Isn't it funny that on this day devoted to women (particularly moms), that we men become reflective sappy boys again gushing over the women God has placed in our life (both childhood and adulthood).
It's been an interesting day and one with many emotions. So without further hesitation:
In Memory Of My Mother (Helen Backes):
My mom was an interesting creation of God. Born in 1946 in a small town in central Missouri, she was 1 of 10 kids. She lost her dad at 18 in a horrible accident in which my grandfather suffered terribly. She lost her little sister just a few years later (who was the maid of honor in my mom and dad's wedding) in an automobile accident on Easter Sunday. She would later divorce from my dad and struggled throughout her life with mental illness. To say that she was inperfect would be an understatment, but she gave me a deep love and affection for single moms. God love em, I don't know how they do it. That's not to say that my dad wasn't a huge part of my childhood, but still, being a single mom with two sons had to be hard.

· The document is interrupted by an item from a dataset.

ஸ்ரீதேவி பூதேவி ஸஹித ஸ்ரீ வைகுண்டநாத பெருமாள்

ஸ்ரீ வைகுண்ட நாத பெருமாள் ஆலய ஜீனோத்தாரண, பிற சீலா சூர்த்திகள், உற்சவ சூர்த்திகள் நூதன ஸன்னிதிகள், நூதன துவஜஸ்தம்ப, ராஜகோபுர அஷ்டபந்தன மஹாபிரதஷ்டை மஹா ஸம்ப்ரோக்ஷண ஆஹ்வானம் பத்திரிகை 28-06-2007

My mom taught me almost everything I knew growing up. She was the one who helped me learn to play baseball (she was an all-star softball player in high school). She helped me do homework, play basketball, read, learn music, and so very much more. In many respects, it felt like at times her boys were all she had left in life. I have a profound respect, love, and memory of my mother despite the frustrations, hurts, guilt, and pain that surrounded our lives. She made poor choices in life, and at times couldn't find forgiveness or healing from the trauma that characterized her life. But as a son always will, I loved her very deeply and wanted the absolute best for her. She took her own life this past January and this is the first Mother's day without her.

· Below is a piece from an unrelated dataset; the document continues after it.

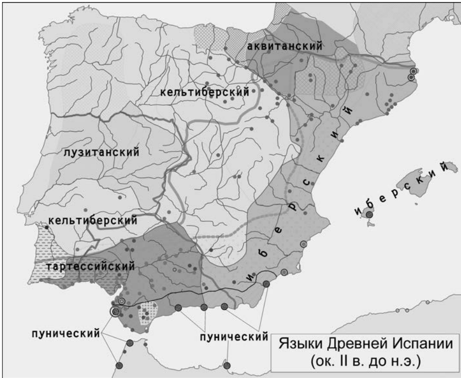
Карта 2. Языки Древней Испании

На западе Пиренейского полуострова был распространен лузитанский язык, известный из 5 надписей (I в. н.э.) и некоторых имен собственных. Общеизвестно вхождение его в индоевропейскую семью, однако связи с известными ветвями остаются неизвестными [4]. К югу от него в начале I тыс. до н.э. был распространен тартесийский язык, от которого сохранилось 95 надписей, выполненных собственным, не до конца дешифрованным, письмом. Хотя ранее этот язык считался до-индоевропейским, в последних исследованиях высказывается немало аргументов за то, что он был индоевропейским, возможно близким кельтским языкам (карта 2) [5].

I have caught myself today missing her and wishing I had one more chance to call her and tell her I love her. Don't ever miss the chance to make those calls, because one day, you won't have them on the other end to pick up the phone. Tell people now how much you miss them and how much you love them. I can't help but think of Jesus final night with His beloved disciples and the hurt and groaning He must have felt knowing His time with them was drawing to a close. We truly are not promised tomorrow. Make every moment count. Live a radical risk-taking life and follow Jesus boldly into areas you never dreamed possible. For nothing is impossible with God.
In Memory Of My Step-Mother (Joyce Backes):
While she bore the title step-mom, she was no less a mom to me than she was to her biological children. Joyce never treated me or my brother any differently and she loved us deeply as well. She was a strong woman. She was born in rural Missouri and grew up dirt poor like so many other people in that area of Missouri during the 40's and 50's. It was an agricultural area and farming was the main way to make a living back then.
It was from that poverty background and rural landscape that she would put her hand to the plow and go on to hold a politically appointed office in Missouri State Government. She worked very hard and was diligent in her career. She was a maticulous woman and bold. She did not lack courage to be a female leader in a male dominated industry (Information Technology). As a matter of fact, for most of my life I can remember my dad essentially having Joyce as his boss. Talk about interesting conversations at home! She was successful in almost every respect that the world measures (financially, family, career, etc).
Then in February of 2000, we received news that would rock our family to its foundations. She was diagnosed with advanced ovarian cancer. A long battle with cancer would ensue and she lost that battle February 21st, 2001. One of the most emotional moments of that year long battle was in a hospital during the winter. Her and I were alone in a hospital room talking and she shared with me if she could have anything she wanted, she wanted one more day to spend with my dad. All the success, all the accolades, all the money, and when faced with a battle she wouldn't win, the most important piece of her life was her husband. I'll never forget that moment because it taught me not to make an idol out of my career and not to take my family for granted. I loved Joyce dearly and I miss her today as well. She made possible so many things in my life that wouldn't have otherwise been and God's providence is amazing.
To My Wife (Jenni Backes):
So many things here to say, but many of them too personal for public consumption. I have said before and will say again, that aside from God, and His Son Jesus Christ, you have been my salvation and I don't deserve you. Your strength, love, compassion, wisdom, hard work, and beauty have held me together through our wonderful 8+ years. I thank God for you and for the fact that we became one on January 9, 1999. I look forward, God willing, to many more years together and the journeys that God will continue to take us on. It has been pedal to the metal since our wedding day, and I pray it doesn't stop. Thank you for the mother you are to our boys. Thank you for the lover you are to me. Thank you for the best friend you always are. Thank you for having me and for enduring me. May the Grace of God abound in our marriage, and may we do all that we do for the Glory of God. I can't imagine life without you, but I'm profoundly happy that I didn't have to.